• **Collected material**

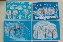 Программное содержание : Учить детей передавать в рисунке картину зимы. Упражнять в рисовании деревьев. Учить располагать на листе несколько деревьев. Закреплять умение промывать кисть. Развивать эстетическое восприятие. -
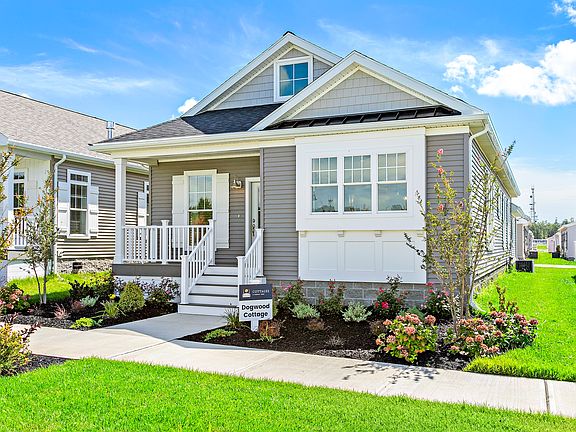 Brand New Spec Home ready for immediate occupancy at Cottages at Compass Point, an active adult 55+ community located in Barnegat, NJ - 2 bedroom, 2 full bath with den. This Dogwood cottage features a cozy front porch, spacious one-car garage, additional parking pad, concrete patio with privacy fence as well as multiple upgrades inside this home. Being one of our largest cottages, it won't feel like downsizing when you step into the gorgeous gourmet kitchen with an abundance of 42" Glacier white cabinets with 3 piece crown molding, Anew grey center island, wooden range hood, nickel hardware and Tofino HanStone quartz countertops. You will be drawn to the scenic view outside the oversized picture window above the sink which has a large sill for your houseplants to thrive in the sunshine! The Whirlpool stainless steel appliance package includes a side-by-side refrigerator with in-the-door ice and water, gas, self-clean range, dishwasher and built-in microwave. There are also plenty of surprises within the cabinets such as pull out trays, hidden trash/recycling cans, pots and pans drawer, tilt out tray and a cutlery tray. Step into the formal living room to find a decorative tray ceiling and Rave linear fireplace which is ignited effortlessly by remote control. You'll discover a full-sized, front load washer/dryer in the utility room along with a hidden hamper, cabinet tall enough to hold an ironing board as well as plenty of storage for your laundry needs. 6' tall double
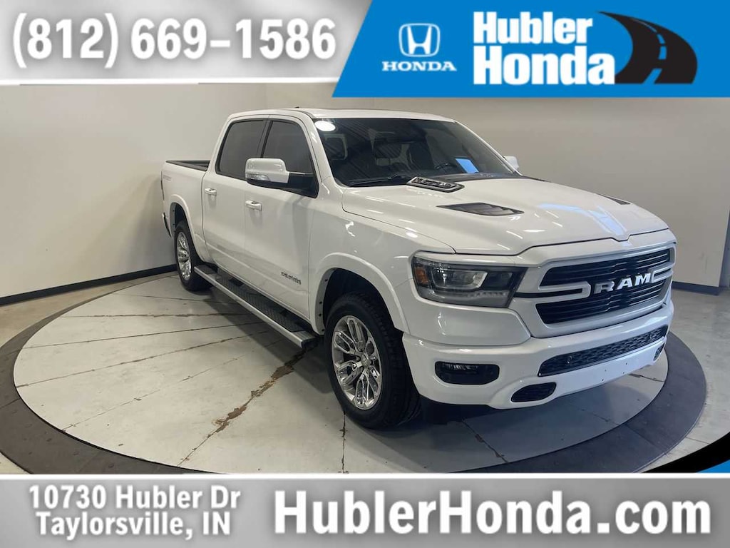 ENGINE: 5.7L V8 HEMI MDS VVT Active Noise Control System, Heavy Duty Engine Cooling, Passive Tuned Mass Damper, GVWR: 7,100 lbs, Dual Rear Exhaust w/Bright Tips, HEMI Badge, 220 Amp Alternator, SPORT APPEARANCE PACKAGE Tires: 275/55R20 OWL All Season, Twill Film Appliques, Body Color Premium Power Mirrors, Sport Performance Hood, Sport Decal, Body Color Door Handles, Wheels: 20 x 9 Premium Painted w/Inserts, Body Color Exterior Mirrors, Black Interior Accents, Body Color Front Bumper, Body Color Rear Bumper w/Step Pads, Grille Surround 3 Body Color Tex 2 Black, All Plant-Installed Decals, LARAMIE LEVEL I EQUIPMENT GROUP Remote Tailgate Release, Auto High Beam Headlamp Control, Blind Spot & Cross Path Detection, Rain Sensitive Windshield Wipers, ParkSense Front/Rear Park Assist w/Stop, Foam Bottle Insert (Door Trim Panel), RADIO: UCONNECT 5 NAV W/12.0 DISPLAY USB Host Flip, Disassociated Touchscreen Display, HD Radio, For More Info, Call 800-643-2112, Integrated Voice Command w/Bluetooth®, 12 Touchscreen Display, GPS Navigation, SiriusXM w/360L, All Radio Equipped Vehicles, Connected Travel & Traffic Services, All R1 High Radios, DUAL-PANE PANORAMIC SUNROOF LED Dome/Reading Lamp, Dome Dual LED Reading Lamp, BLACK, LEATHER TRIMMED BUCKET SEATS Bucket Seats, Full Length Upgraded Floor Console, TRANSMISSION: 8-SPEED AUTOMATIC (8HP75). MP3 Player, Privacy Glass, Keyless Entry, Child Safety Locks, Steering Wheel Controls. LOCATED AT HUBLER HONDA IN TAYLORSVILLE

• **Description of the task**
Would it be possible to reproduce the material word for word, images omitted?

• **The answer**
 Программное содержание : Учить детей передавать в рисунке картину зимы. Упражнять в рисовании деревьев. Учить располагать на листе несколько деревьев. Закреплять умение промывать кисть. Развивать эстетическое восприятие. -
 Brand New Spec Home ready for immediate occupancy at Cottages at Compass Point, an active adult 55+ community located in Barnegat, NJ - 2 bedroom, 2 full bath with den. This Dogwood cottage features a cozy front porch, spacious one-car garage, additional parking pad, concrete patio with privacy fence as well as multiple upgrades inside this home. Being one of our largest cottages, it won't feel like downsizing when you step into the gorgeous gourmet kitchen with an abundance of 42" Glacier white cabinets with 3 piece crown molding, Anew grey center island, wooden range hood, nickel hardware and Tofino HanStone quartz countertops. You will be drawn to the scenic view outside the oversized picture window above the sink which has a large sill for your houseplants to thrive in the sunshine! The Whirlpool stainless steel appliance package includes a side-by-side refrigerator with in-the-door ice and water, gas, self-clean range, dishwasher and built-in microwave. There are also plenty of surprises within the cabinets such as pull out trays, hidden trash/recycling cans, pots and pans drawer, tilt out tray and a cutlery tray. Step into the formal living room to find a decorative tray ceiling and Rave linear fireplace which is ignited effortlessly by remote control. You'll discover a full-sized, front load washer/dryer in the utility room along with a hidden hamper, cabinet tall enough to hold an ironing board as well as plenty of storage for your laundry needs. 6' tall double
 ENGINE: 5.7L V8 HEMI MDS VVT Active Noise Control System, Heavy Duty Engine Cooling, Passive Tuned Mass Damper, GVWR: 7,100 lbs, Dual Rear Exhaust w/Bright Tips, HEMI Badge, 220 Amp Alternator, SPORT APPEARANCE PACKAGE Tires: 275/55R20 OWL All Season, Twill Film Appliques, Body Color Premium Power Mirrors, Sport Performance Hood, Sport Decal, Body Color Door Handles, Wheels: 20 x 9 Premium Painted w/Inserts, Body Color Exterior Mirrors, Black Interior Accents, Body Color Front Bumper, Body Color Rear Bumper w/Step Pads, Grille Surround 3 Body Color Tex 2 Black, All Plant-Installed Decals, LARAMIE LEVEL I EQUIPMENT GROUP Remote Tailgate Release, Auto High Beam Headlamp Control, Blind Spot & Cross Path Detection, Rain Sensitive Windshield Wipers, ParkSense Front/Rear Park Assist w/Stop, Foam Bottle Insert (Door Trim Panel), RADIO: UCONNECT 5 NAV W/12.0 DISPLAY USB Host Flip, Disassociated Touchscreen Display, HD Radio, For More Info, Call 800-643-2112, Integrated Voice Command w/Bluetooth®, 12 Touchscreen Display, GPS Navigation, SiriusXM w/360L, All Radio Equipped Vehicles, Connected Travel & Traffic Services, All R1 High Radios, DUAL-PANE PANORAMIC SUNROOF LED Dome/Reading Lamp, Dome Dual LED Reading Lamp, BLACK, LEATHER TRIMMED BUCKET SEATS Bucket Seats, Full Length Upgraded Floor Console, TRANSMISSION: 8-SPEED AUTOMATIC (8HP75). MP3 Player, Privacy Glass, Keyless Entry, Child Safety Locks, Steering Wheel Controls. LOCATED AT HUBLER HONDA IN TAYLORSVILLE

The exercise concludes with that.